Jika benar ada kebijakan efisiensi atau pengetatan belanja pegawai dari pusat, maka potensi dampaknya antara lain:
- Risiko Pelanggaran Kontrak
Pemutusan sepihak tanpa dasar hukum yang kuat berpotensi digugat secara administratif maupun perdata. - Beban Fiskal Daerah
Jika transfer pusat tidak sebanding dengan kewajiban pembayaran gaji PPPK, APBD daerah bisa tertekan. Ini dapat memicu defisit atau pengalihan anggaran dari sektor lain. - Dampak Layanan Publik
Pengurangan tenaga guru dan nakes akan berdampak langsung pada mutu layanan dasar—yang secara konstitusional dijamin negara. - Potensi Sengketa Tata Usaha Negara
Kebijakan yang dianggap merugikan dapat diuji melalui mekanisme peradilan administrasi.
Isu 9.000 PPPK ini, jika tak diklarifikasi secara terbuka, berisiko menciptakan instabilitas psikologis dan ekonomi di tingkat akar rumput.
Sikap Politik: Mengawal, Bukan Menggertak
Sebagai anggota Komisi II DPR RI, Esthon menegaskan komitmennya:
- Mengawal kepastian kontrak PPPK
- Memastikan jaminan anggaran bagi daerah
- Melindungi hak-hak tenaga pelayanan publik
╔════════════════m════════════════╗
“NTT tidak boleh jadi korban kebijakan yang tidak berpihak.
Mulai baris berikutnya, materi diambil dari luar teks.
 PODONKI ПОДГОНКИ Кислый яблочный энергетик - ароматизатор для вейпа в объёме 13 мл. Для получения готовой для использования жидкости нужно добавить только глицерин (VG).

Kita butuh kejelasan, bukan isu yang menebar ketakutan.”
╚════════════════════════════════╝
Dalam politik anggaran, keberpihakan bukan sekadar pilihan moral—ia adalah keputusan kebijakan.
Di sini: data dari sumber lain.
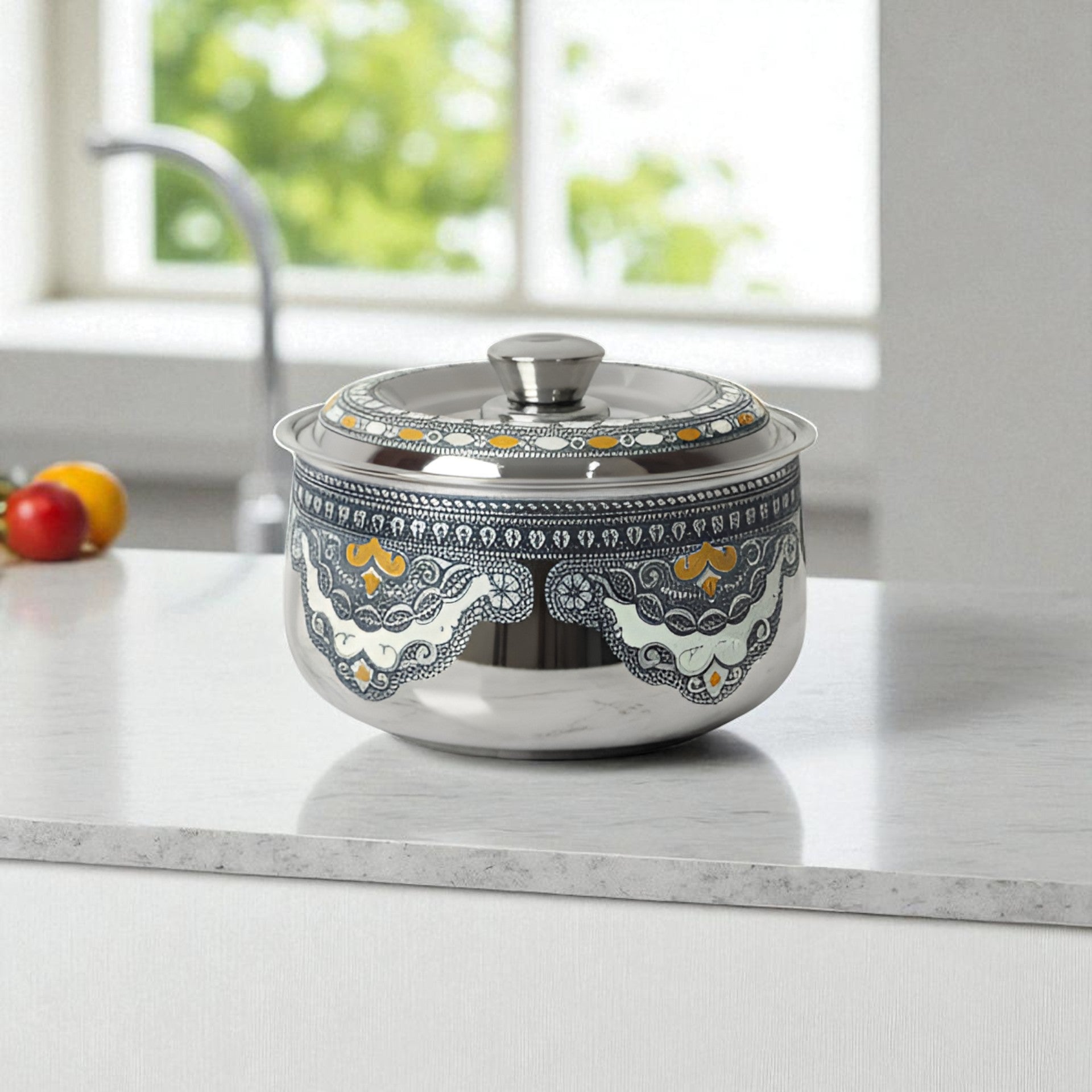 Introducing the Antique Stainless Steel Casserole—also known as the Roti Pot—where heritage elegance meets modern endurance. Expertly crafted from BPA‑free, food‑grade stainless steel, this 2.2 L casserole features a lustrous, antique-inspired finish and secure-fitting lid to retain heat and moisture. Built for everyday family meals, festive feasts, or thoughtful gifting, it combines shatter‑resistance and corrosion‑proof strength with easy‑to‑clean convenience. Whether you’re keeping rotis soft and warm, serving gravies in style, or enhancing your kitchen décor, this roti pot brings timeless utility and lasting beauty to every occasion.

Solusi Strategis: Jalan Tengah yang Konstitusional
Agar polemik ini tidak berkembang menjadi krisis kepercayaan, beberapa langkah strategis perlu ditempuh:
1. Transparansi Fiskal
Pemerintah pusat dan daerah harus membuka secara detail komposisi belanja pegawai dan skema transfer.
2. Skema Proteksi Kontrak
Setiap perubahan kebijakan harus menjamin keberlanjutan kontrak aktif hingga masa berakhirnya.
3. Sinkronisasi APBN–APBD
Koordinasi lintas kementerian dan DPR untuk memastikan kebijakan efisiensi tidak memukul daerah tertinggal.
4. Payung Regulasi Tegas
Jika ada kebijakan baru, harus dituangkan dalam regulasi tertulis, bukan sekadar wacana.
Di luar gedung parlemen, ribuan PPPK di NTT mungkin sedang menunggu kepastian. Di ruang-ruang kelas, di puskesmas terpencil, mereka bekerja tanpa tahu apakah kabar itu nyata atau hanya bayang-bayang.
Namun satu hal telah ditegaskan di Senayan:
bahwa nasib rakyat bukan permainan angka.
Dan jika politik masih menyisakan keberanian, maka keberanian itu hari ini sedang diuji.